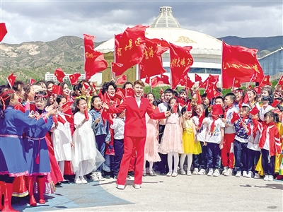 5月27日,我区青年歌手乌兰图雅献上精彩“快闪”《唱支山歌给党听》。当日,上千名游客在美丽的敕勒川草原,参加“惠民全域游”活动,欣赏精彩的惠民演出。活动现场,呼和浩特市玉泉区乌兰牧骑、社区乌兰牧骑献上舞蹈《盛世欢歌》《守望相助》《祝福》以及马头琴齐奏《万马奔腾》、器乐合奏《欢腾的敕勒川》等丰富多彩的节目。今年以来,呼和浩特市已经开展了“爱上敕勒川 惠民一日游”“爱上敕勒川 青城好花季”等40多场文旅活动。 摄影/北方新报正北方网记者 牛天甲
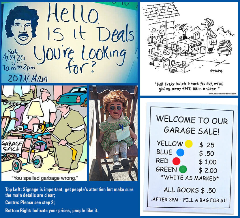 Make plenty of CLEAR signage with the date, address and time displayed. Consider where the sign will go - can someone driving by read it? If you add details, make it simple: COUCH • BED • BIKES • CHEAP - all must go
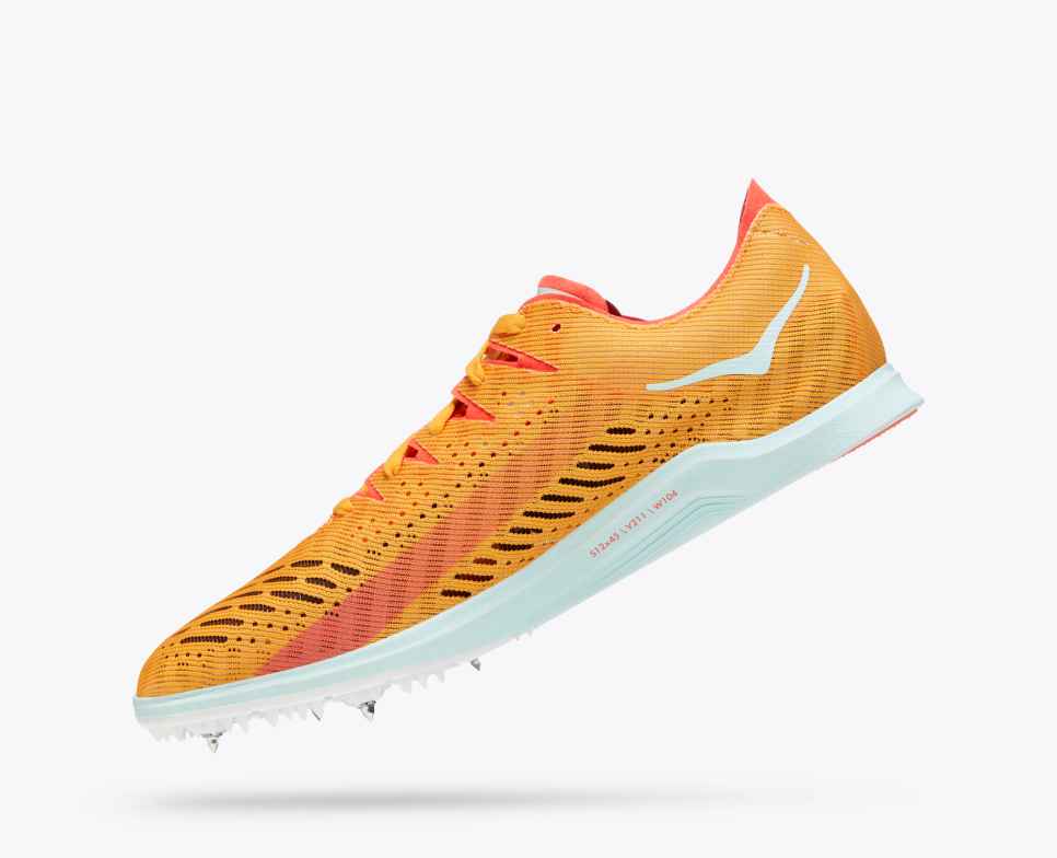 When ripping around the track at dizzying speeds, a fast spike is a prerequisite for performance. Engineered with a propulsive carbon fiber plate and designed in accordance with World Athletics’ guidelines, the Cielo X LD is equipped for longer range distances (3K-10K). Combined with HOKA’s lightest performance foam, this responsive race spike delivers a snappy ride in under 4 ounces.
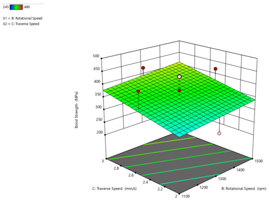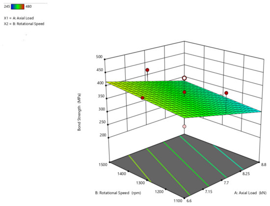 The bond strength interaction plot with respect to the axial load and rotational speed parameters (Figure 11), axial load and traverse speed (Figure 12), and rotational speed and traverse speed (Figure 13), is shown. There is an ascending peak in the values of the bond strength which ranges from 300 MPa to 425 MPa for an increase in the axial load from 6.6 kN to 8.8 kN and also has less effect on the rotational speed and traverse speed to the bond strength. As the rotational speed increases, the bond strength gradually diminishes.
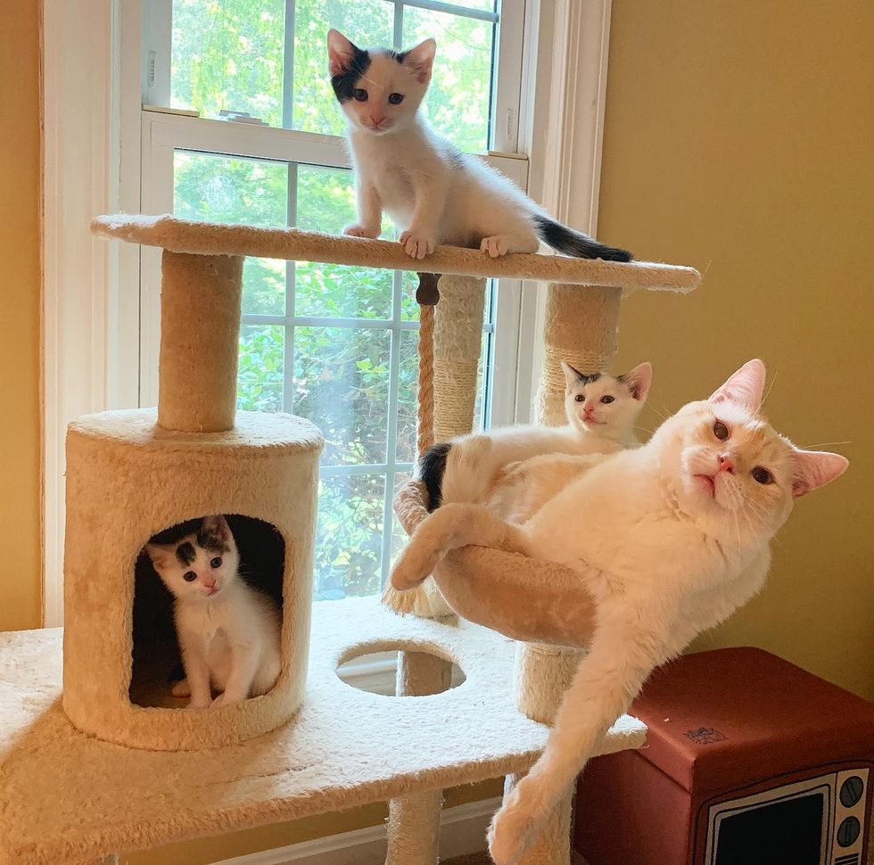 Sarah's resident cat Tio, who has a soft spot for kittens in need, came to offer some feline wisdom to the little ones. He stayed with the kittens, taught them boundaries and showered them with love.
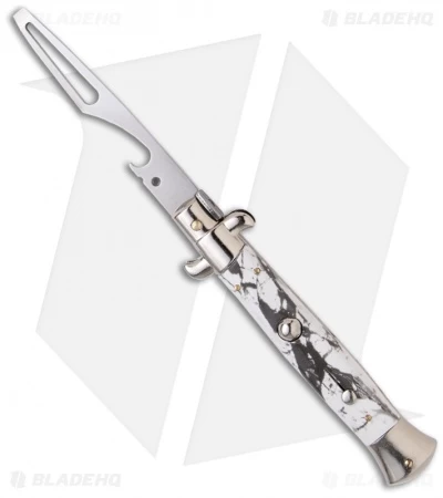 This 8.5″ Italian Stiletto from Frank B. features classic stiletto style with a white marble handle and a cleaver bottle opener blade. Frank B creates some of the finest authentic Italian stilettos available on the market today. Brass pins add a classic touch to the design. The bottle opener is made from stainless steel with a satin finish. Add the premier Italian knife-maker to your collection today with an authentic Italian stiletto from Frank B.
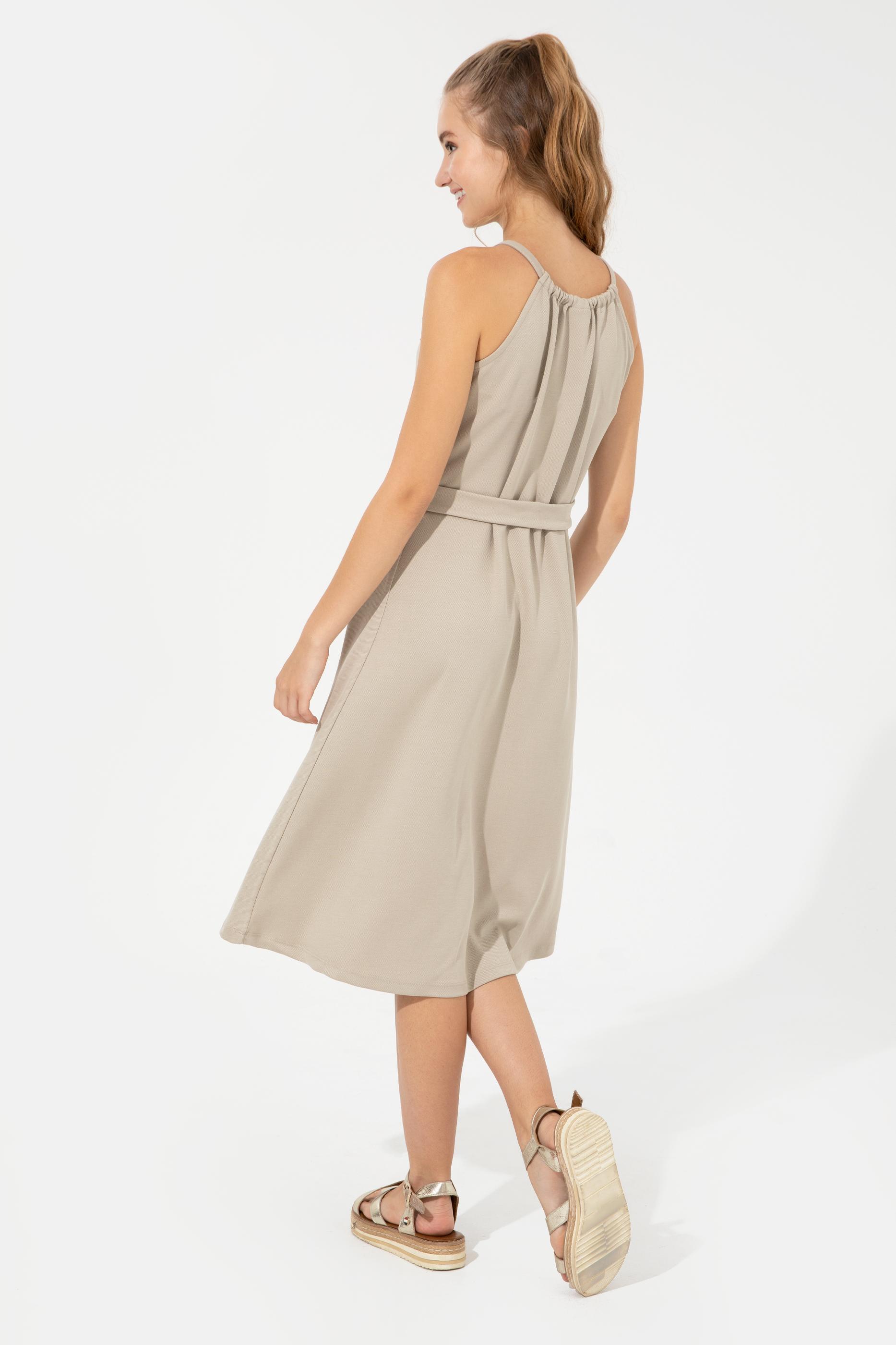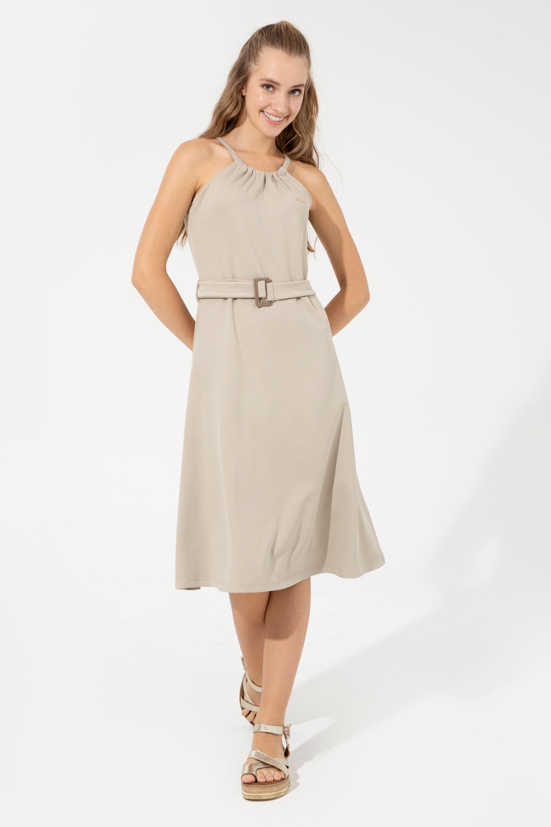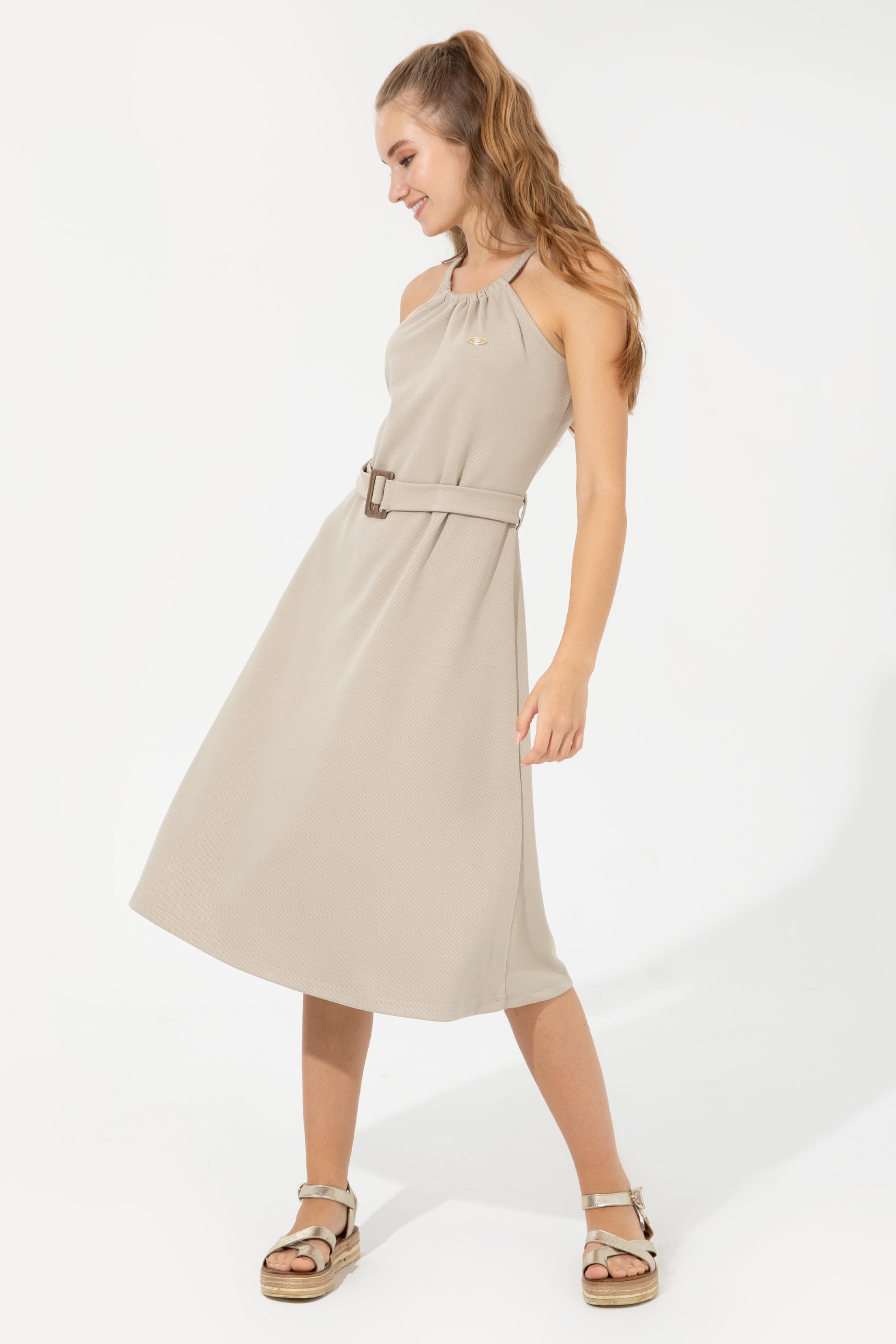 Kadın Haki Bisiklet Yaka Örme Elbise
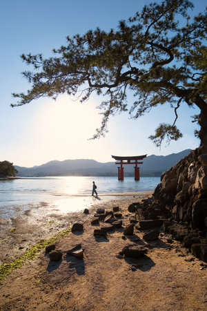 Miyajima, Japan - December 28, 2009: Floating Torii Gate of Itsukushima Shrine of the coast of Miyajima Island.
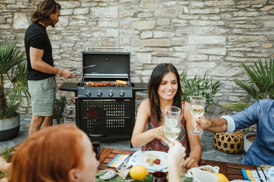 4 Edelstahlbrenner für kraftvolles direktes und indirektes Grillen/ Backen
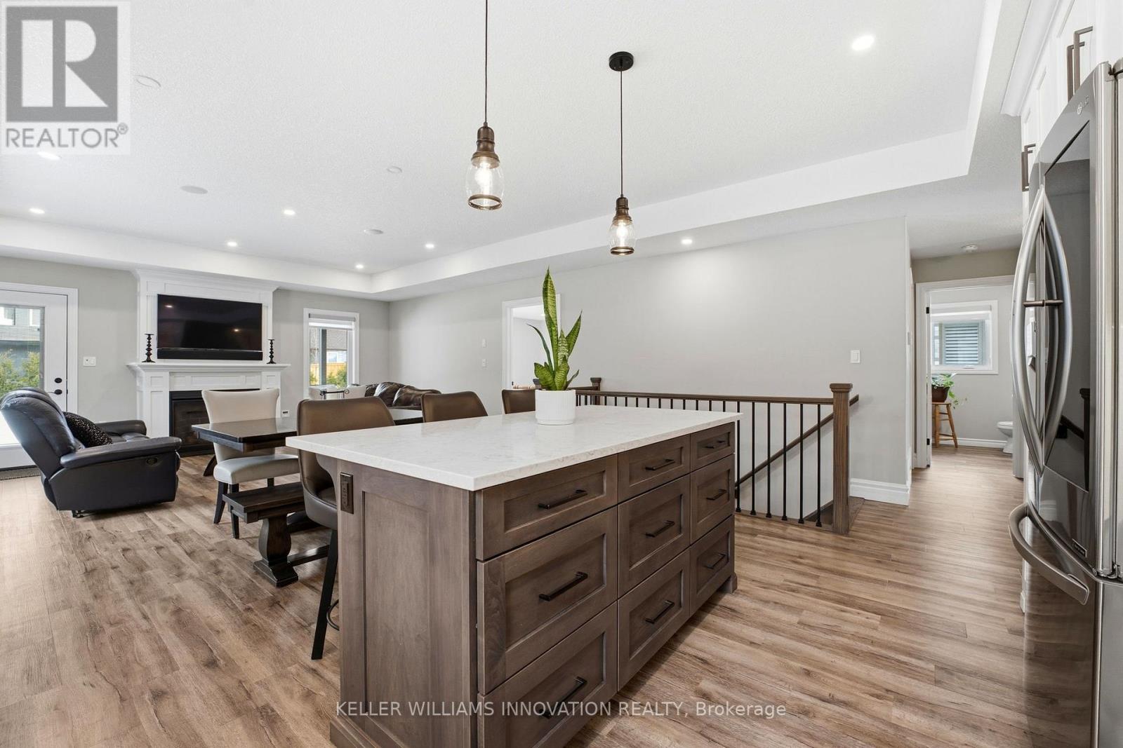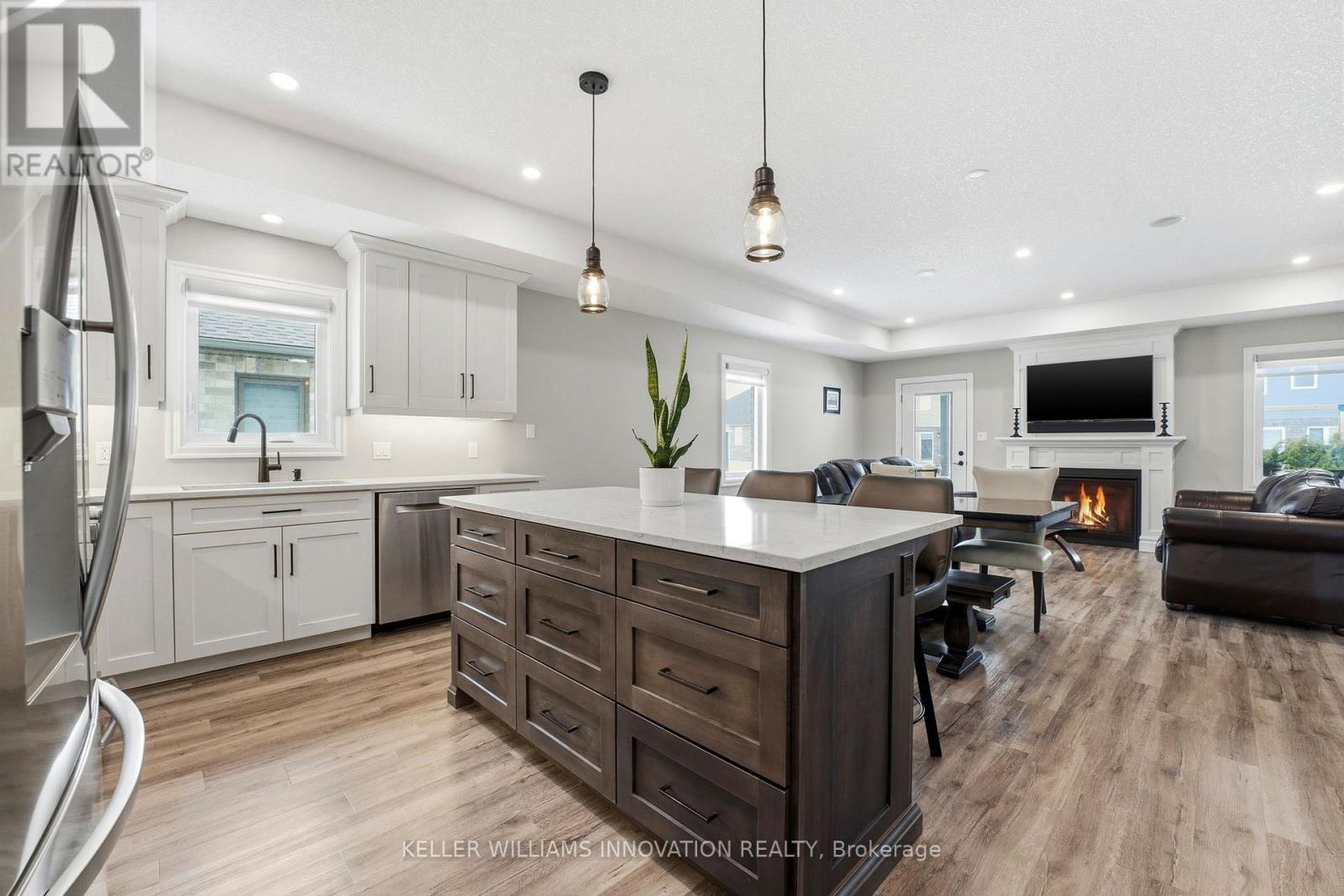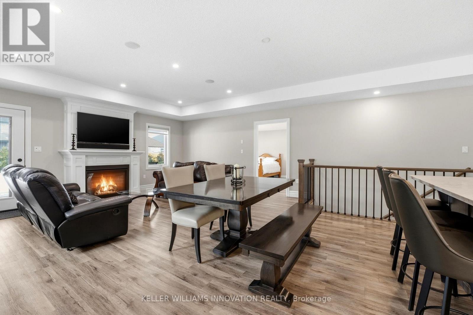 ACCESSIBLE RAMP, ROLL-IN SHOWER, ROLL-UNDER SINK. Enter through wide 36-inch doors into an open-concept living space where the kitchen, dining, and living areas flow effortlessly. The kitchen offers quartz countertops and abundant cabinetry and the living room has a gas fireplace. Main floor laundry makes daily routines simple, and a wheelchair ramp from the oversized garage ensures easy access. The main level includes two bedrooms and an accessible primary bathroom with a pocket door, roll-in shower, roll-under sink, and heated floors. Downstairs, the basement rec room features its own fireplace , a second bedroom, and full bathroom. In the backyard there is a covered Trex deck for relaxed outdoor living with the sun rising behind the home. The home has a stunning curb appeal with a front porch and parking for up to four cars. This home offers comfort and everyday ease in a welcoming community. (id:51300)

###

WHAT YOU HAVE TO DO: Every entry above should come back exactly as written, except for its pictures.

RESPONSE:
 5月27日,我区青年歌手乌兰图雅献上精彩“快闪”《唱支山歌给党听》。当日,上千名游客在美丽的敕勒川草原,参加“惠民全域游”活动,欣赏精彩的惠民演出。活动现场,呼和浩特市玉泉区乌兰牧骑、社区乌兰牧骑献上舞蹈《盛世欢歌》《守望相助》《祝福》以及马头琴齐奏《万马奔腾》、器乐合奏《欢腾的敕勒川》等丰富多彩的节目。今年以来,呼和浩特市已经开展了“爱上敕勒川 惠民一日游”“爱上敕勒川 青城好花季”等40多场文旅活动。 摄影/北方新报正北方网记者 牛天甲
 Make plenty of CLEAR signage with the date, address and time displayed. Consider where the sign will go - can someone driving by read it? If you add details, make it simple: COUCH • BED • BIKES • CHEAP - all must go
 When ripping around the track at dizzying speeds, a fast spike is a prerequisite for performance. Engineered with a propulsive carbon fiber plate and designed in accordance with World Athletics’ guidelines, the Cielo X LD is equipped for longer range distances (3K-10K). Combined with HOKA’s lightest performance foam, this responsive race spike delivers a snappy ride in under 4 ounces.
 The bond strength interaction plot with respect to the axial load and rotational speed parameters (Figure 11), axial load and traverse speed (Figure 12), and rotational speed and traverse speed (Figure 13), is shown. There is an ascending peak in the values of the bond strength which ranges from 300 MPa to 425 MPa for an increase in the axial load from 6.6 kN to 8.8 kN and also has less effect on the rotational speed and traverse speed to the bond strength. As the rotational speed increases, the bond strength gradually diminishes.
 Sarah's resident cat Tio, who has a soft spot for kittens in need, came to offer some feline wisdom to the little ones. He stayed with the kittens, taught them boundaries and showered them with love.
 This 8.5″ Italian Stiletto from Frank B. features classic stiletto style with a white marble handle and a cleaver bottle opener blade. Frank B creates some of the finest authentic Italian stilettos available on the market today. Brass pins add a classic touch to the design. The bottle opener is made from stainless steel with a satin finish. Add the premier Italian knife-maker to your collection today with an authentic Italian stiletto from Frank B.
 Kadın Haki Bisiklet Yaka Örme Elbise
 Miyajima, Japan - December 28, 2009: Floating Torii Gate of Itsukushima Shrine of the coast of Miyajima Island.
 4 Edelstahlbrenner für kraftvolles direktes und indirektes Grillen/ Backen
 ACCESSIBLE RAMP, ROLL-IN SHOWER, ROLL-UNDER SINK. Enter through wide 36-inch doors into an open-concept living space where the kitchen, dining, and living areas flow effortlessly. The kitchen offers quartz countertops and abundant cabinetry and the living room has a gas fireplace. Main floor laundry makes daily routines simple, and a wheelchair ramp from the oversized garage ensures easy access. The main level includes two bedrooms and an accessible primary bathroom with a pocket door, roll-in shower, roll-under sink, and heated floors. Downstairs, the basement rec room features its own fireplace , a second bedroom, and full bathroom. In the backyard there is a covered Trex deck for relaxed outdoor living with the sun rising behind the home. The home has a stunning curb appeal with a front porch and parking for up to four cars. This home offers comfort and everyday ease in a welcoming community. (id:51300)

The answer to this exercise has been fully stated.